Turing was right to expect that his substitution of can machines think with can machines imitate thinking might elicit objections. He lists several possible objections (interestingly, Turing sees extra-sensory perceptions, like telepathy, as a possible argument against machines possessing consciousness), but one is of special interest here. Turing calls it the argument from consciousness and quotes Professor Jefferson as presenting it:
Not until a machine can write a sonnet or compose a concerto because of thoughts and emotions felt, and not by the chance fall of symbols, could we agree that machine equals brain – that is, not only write it but know that it had written it. No mechanism could feel (and not merely artificially signal, an easy contrivance) pleasure at its successes, grief when its valves fuse, be warmed by flattery, be made miserable by its mistakes, be charmed by sex, be angry or depressed when it cannot get what it wants.
This argument takes several forms, one of which is popularised by the philosopher John Searle as the Chinese room argument. I won’t go over it in detail, but the central point of the argument is that
Computational models of consciousness are not sufficient by themselves for consciousness.
In other words, Searle would say that Turing is only describing what the consciousness does, but not how it works. “Programs are neither constitutive of nor sufficient for minds,” as Searle puts it.
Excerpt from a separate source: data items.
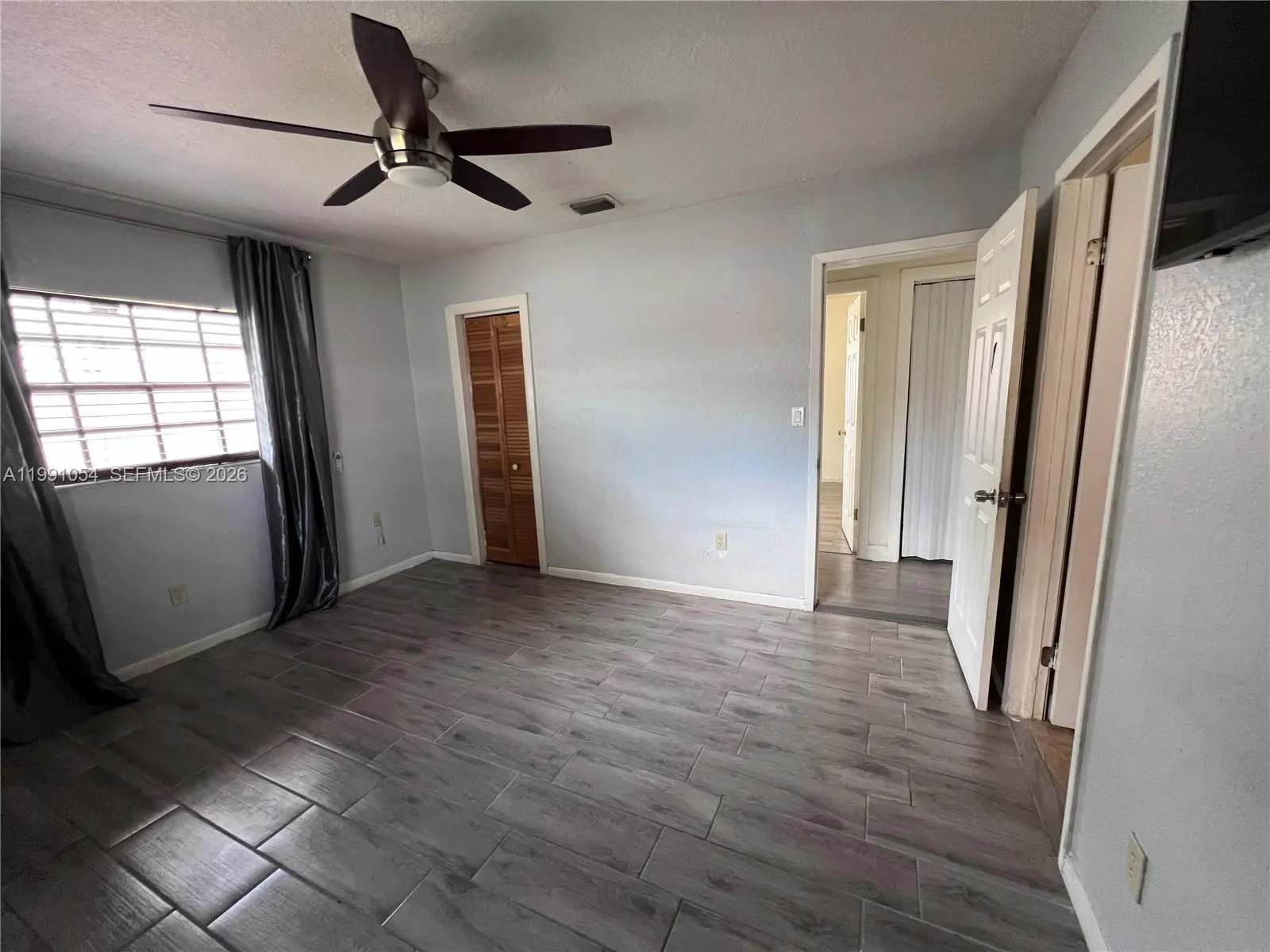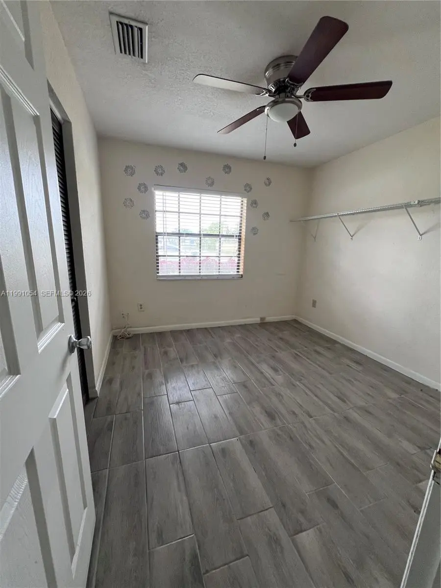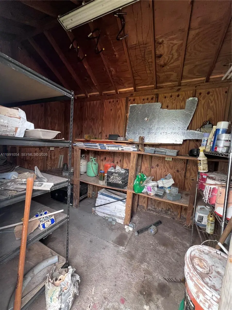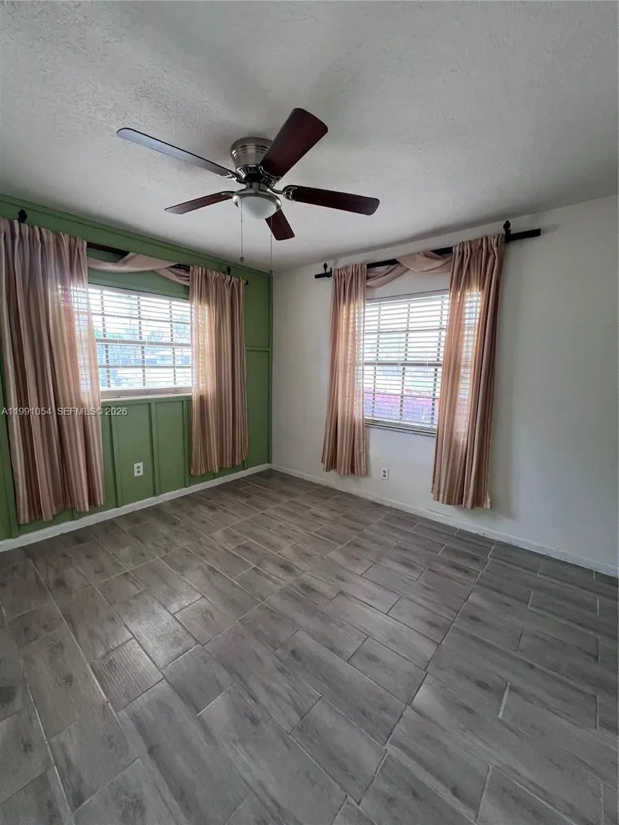 Welcome to this charming 3-bedroom, 2-bath home nestled in a quiet Miami neighborhood! This well-maintained property features beautiful wood flooring throughout and a thoughtfully converted garage that serves as an additional bedroom with its own private entrance, perfect for guests, a home office, or easily transformed into in-law quarters. This room also has its own a/c unit separate from the main house. The kitchen is equipped with stainless steel appliances, sleek granite countertops, and plenty of space for cooking and entertaining. Step outside to a covered patio ideal for relaxing or hosting gatherings, all overlooking a spacious, fully fenced yard that offers privacy and room to enjoy. The backyard also includes a large shed for extra storage, while the lush, well-manicured lawn is kept vibrant year-round with an automatic sprinkler system. Accordion shutters provide added convenience and peace of mind. This move-in-ready home has everything you need, comfort, flexibility, and outdoor space, ready for a new family to make it their own!
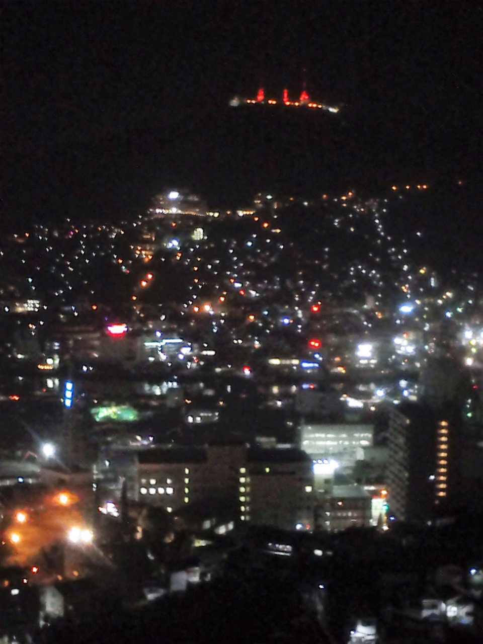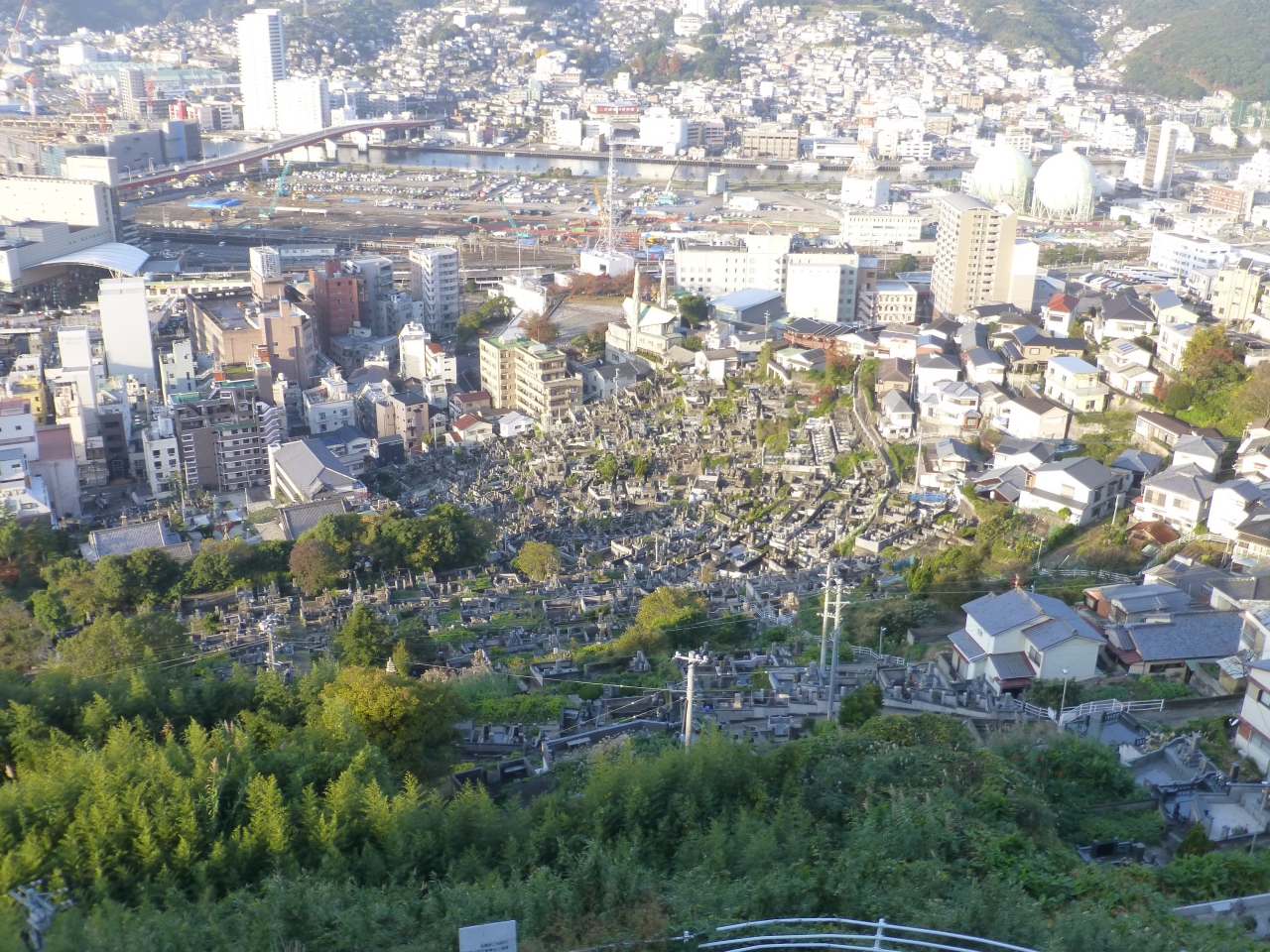 稲佐山…夜景で3個のテレビ塔/ホテル前の大きい墓地園。遂に入ったお風呂…畳敷き/夜景(^o^)
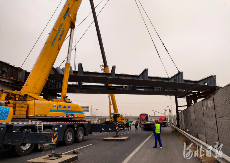 3月17日,在荣乌高速公路新线京台高速至京港澳高速段ZT5标段独流枢纽互通,建设者们正在进行钢架桥梁吊装作业。河北日报记者耿辉摄
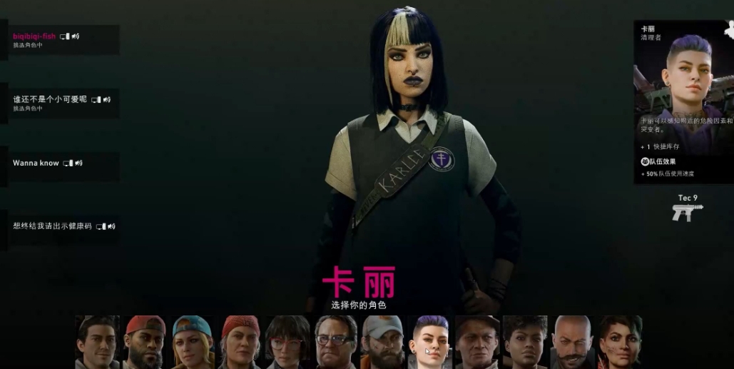 卡丽自带感应附近危险因素和增加快捷栏库存,团队天赋是增加队伍使用速度,自带武器是AK和TEC9冲锋枪,游戏中有一些操作需要长按来执行,执行时会有一个进度条,卡丽自身的天赋能加快这个进度条的执行速度。而且该效果能无数次叠加,也就是说如果卡牌全点了加快速度的话,进度条执行速度就会变得特别快,尤其是第一章最后一关开炮打洞穴时会有很好的效果,并且第一章最后开炮打中食人魔BOSS会解锁一个成就。
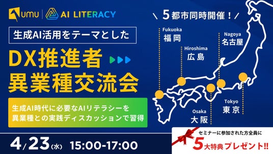 ユームテクノロジージャパン株式会社(本社:東京都新宿区、代表取締役:松田しゅう平、https://www.umujapan.co.jp、以下 ユームテクノロジージャパン)は、異業種の参加者同士が企業内の生成AI活用における課題・悩み・アイデアを共有し、新たなインサイトを得る場「DX推進者 異業種交流会」を、2025年4月23日(水)15:00~より、東京・大阪・名古屋・広島・福岡の5都市同時開催いたします。
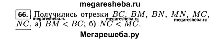 66. Начертите отрезок ВС и отметьте на нём точки М и N так, чтобы точка М лежала между точками В и N. Запишите все получившиеся отрезки с концами В, М, N и С. Сравните отрезки: а) ВМ и ВС; б) NC и МС.
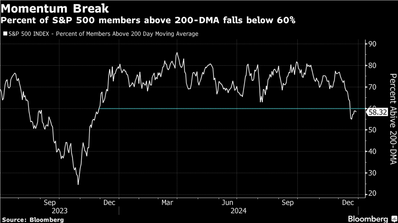 The selloff highlights growing concerns about market breadth, with less than 60% of S&P 500 companies now trading above their 200-day moving averages - the weakest level this year. This technical deterioration suggests the market's recent gains have been increasingly concentrated in a handful of large-cap tech names, raising vulnerability to sharp corrections.
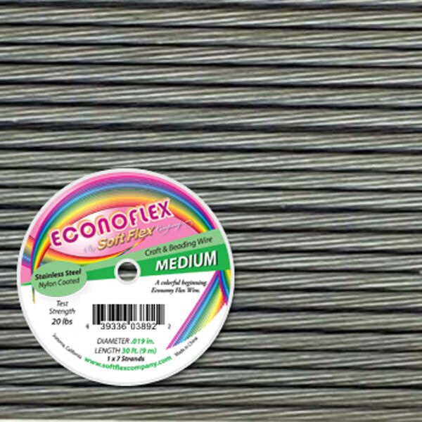 Econoflex Wire is a colorful beginning at an affordable price. Econoflex Wire is a lead-free beading Wire for beginners, crafters and price conscious hobbyists. Econoflex Wire is 7 strands of woven stainless steel Wire, coated in nylon. It is available in 7 designer colors in addition to Steel Grey. It is available in 3 diameters: .010, .014, and .019. We recommend Econoflex Wire for beaded lampshades, beaded curtains and craft jewelry. Please Note: This is a sturdy, functional beading Wire, but it does not offer the full flexibility, draping quality & kink resistance of the more expensive Soft Flex or Soft Touch lines. Basic Usage: .010 Very Fine - Ideal for embellishing, weaving, crocheting and stringing very small beads. We suggest finishing 1x1mm crimps. .014 Fine - Ideal for soft materials, seed beads and fresh water pearls. We suggest finishing 2x2mm crimps. .019 Medium - Ideal all purpose Wire. Great glass, mineral, and metal beads. We suggest finishing 2x2mm crimps.
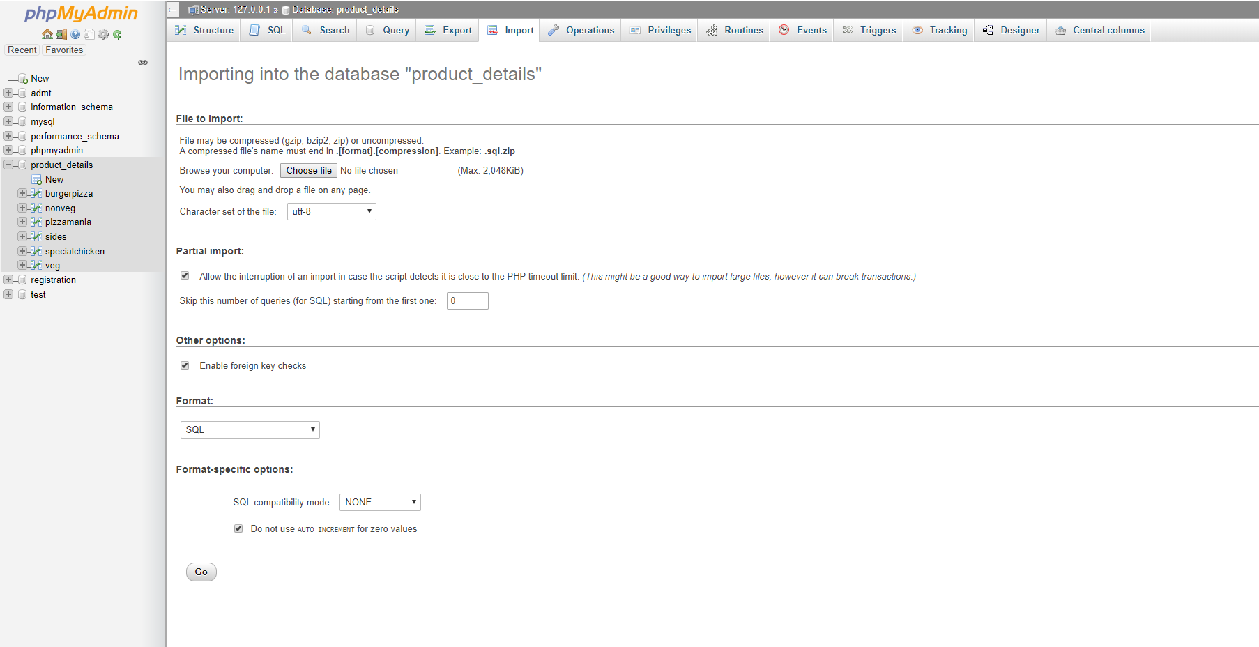 3)Now Create Two Databases named product_details and registration and then import the files(product_details.sql,registration.sql) using insert tab in PhpMyAdmin
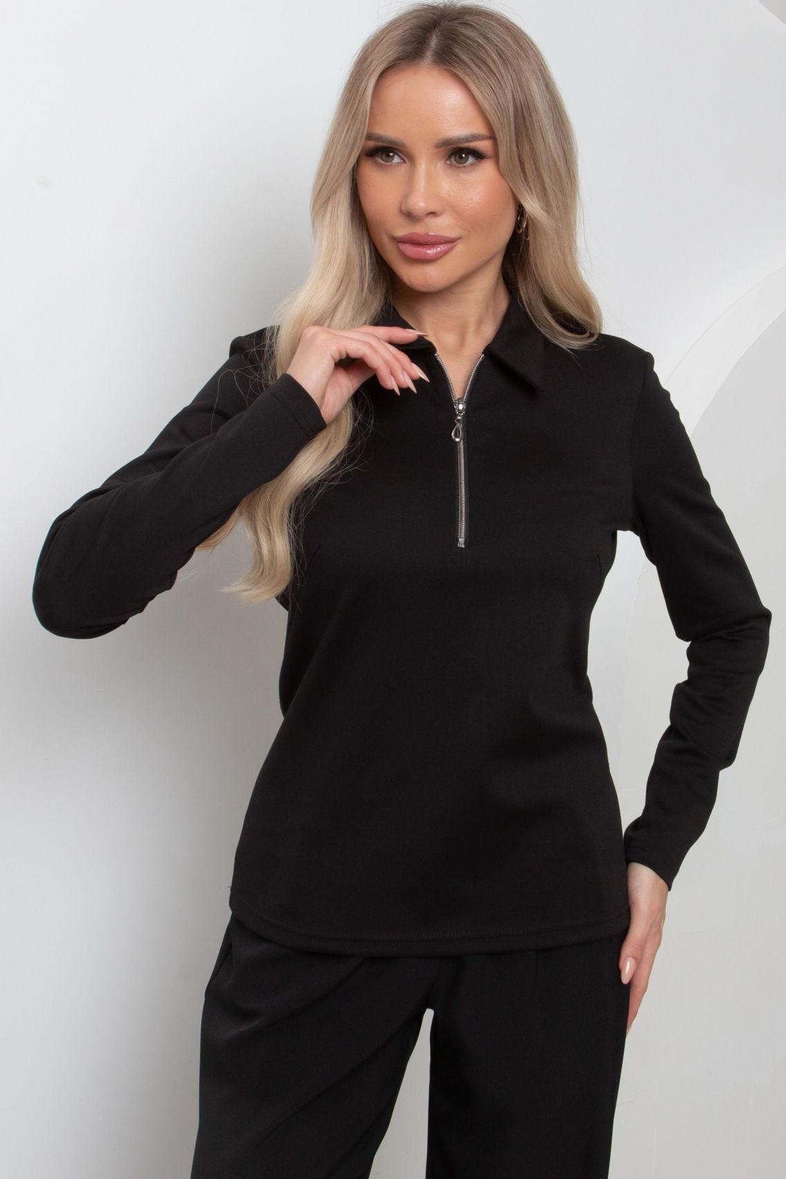 Джемпер трикотажный чёрный от компании Valentina. Модель полуприлегающего силуэта. Длинный втачной рукав. Отложной воротник. Перед оформлен планкой с застежкой на петли и пуговицы. Низ ровный, без разрезов. Отличное решение на каждый день. Рекомендуемая стирка при t не более 30°.
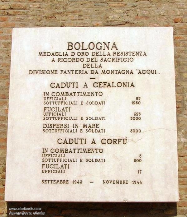 м. Болонья. Меморіальна дошка загиблим воїнам дивізії «Акві».

A model explaining how a program might imitate a human in the imitation test is not sufficient in showing that the program is actually conscious.
Searle’s argument echoes other philosophers of mind, like David Chalmers, who argues that in order to understand the consciousness we need to solve two types of problems: easy problems and the hard problem. Easy problems are specific problems about how the consciousness works in categorising impressions, integrating data and focusing attention. These are easy because they can be answered by looking at the mechanisms that handle those specific tasks. Understanding those mechanisms lets you understand that part of consciousness.
In comparison, the hard problem can’t be answered in this manner. Chalmers explains:
It is undeniable that some organisms are subjects of experience. But the question of how it is that these systems are subjects of experience is perplexing. Why is it that when our cognitive systems engage in visual and auditory information-processing, we have visual or auditory experience: the quality of deep blue, the sensation of middle C? How can we explain why there is something it is like to entertain a mental image, or to experience an emotion? It is widely agreed that experience arises from a physical basis, but we have no good explanation of why and how it so arises. Why should physical processing give rise to a rich inner life at all? It seems objectively unreasonable that it should, and yet it does.
Applied to Turing’s example, Chalmers argues that even if we created machines that passed the Turing test, something would be lacking. We might manage to make machines that behave like humans, but they would never know what it is like to feel human, or like anything at all. They would lack a subjective experience of what it feels like to be me, also called the phenomenological consciousness in philosophy of mind.
Some philosophers of mind don’t agree, and argue instead that the hard problem of consciousness is simply a collection of easy problems that will eventually be solved. Regardless of whether you side with Chalmers or his critics, it is probably clear that while Eugene Goostman is an impressive step forward in AI, the problem of computer consciousness is far from solved.
Turing gave a suggestion for going forward in his 1950 paper. Eugene Goostman follows one part of Turing’s suggestion; maybe following the other would lead to further breakthroughs:
It can also be maintained that it is best to provide the machine with the best sense organs that money can buy, and then teach it to understand and speak English.